A government advisory panel on Friday endorsed a plan by Justice Minister Daizo Nozawa to toughen criminal penalties to control the nation's rising crime rate.
The Justice Ministry plans to submit bills to revise the Penal Code and the Code of Criminal Procedures to the Diet sometime in the fall after the Legislative Council submits its final recommendations to the ministry in September, ministry officials said.
If enacted, the amendments would constitute the largest-ever reform of the 97-year-old Penal Code, ministry officials said.
An outline of the revisions the minister submitted to the panel in February calls for extending the maximum prison term to 20 years from the present 15 years for convicts of a single crime.
The maximum imprisonment term for a criminal who commits multiple or repeated crimes would be expanded to 30 years from the current 20 years.

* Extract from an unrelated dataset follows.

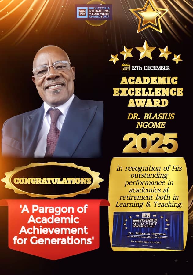 Le 12 décembre 2025 à Limbe, le Dr Blasius Ngome, éminent expert en communication d’entreprise et ex-directeur de la communication de la Sonara (Société Nationale de Raffinage), a reçu le prix d’Excellence Académique 2025 décerné par la Victoria Media Merit Awards (VIMMA). Cette distinction récompense son parcours académique et professionnel exceptionnel. Cette reconnaissance prestigieuse honore son engagement pour l’excellence académique et son influence dans le secteur de la communication. Après plus de trente ans de carrière à la Sonara, où il a notamment fondé le très acclamé Sonara Magazine, il a obtenu un doctorat en communication d’entreprise (mention Très honorable) à l’Université de Douala en 2025.Après une licence en lettres bilingues à l’Université de Yaoundé (1983) et plusieurs diplômes en communication (dont une formation au Royaume-Uni), le Dr Ngome a poursuivi ses études supérieures : un master en communication d’entreprise à l’Université de Buea (2023), où il a été major de promotion, puis un doctorat à Douala. Sa soif d’apprendre n’a pas faibli malgré la retraite.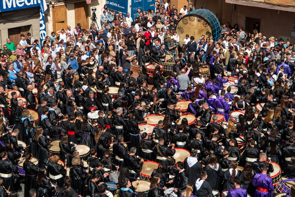 La plaza de España ha vibrado en un estruendo sostenido que ha mantenido el aliento de los presentes, antes de dar paso al desfile. Tras este clímax sonoro, la solemne columna de tambores y bombos se ha desplazado en procesión por las calles del casco antiguo hasta la plaza de la Iglesia. Allí, entre los muros del núcleo histórico, el eco ha acompañado las palabras de reflexión del párroco, antes de que un último estallido sonoro pusiera el punto final a esta convocatoria que cada año gana en intensidad.

For a criminal whose penalty is mitigated from the death penalty or lifetime imprisonment for such reasons as mental impairment, the maximum term of imprisonment would be increased to 30 years from the present 15 years.
The minimum jail sentence would be extended to five years from three years for murder and to three years from two years for injury resulting in death.
The outline also urges the creation of a gang rape charge that would carry a penalty of four or more years in prison. Gang rape resulting in death would be punishable by a minimum of six years to a maximum of life imprisonment.
This recommendation comes after a series of highly publicized incidents of gang rape, including several Tokyo court cases last year in which the perpetrators were university students.
The outline also suggests that the statute of limitations be extended to 25 years from the present 15 years for crimes subject to capital punishment.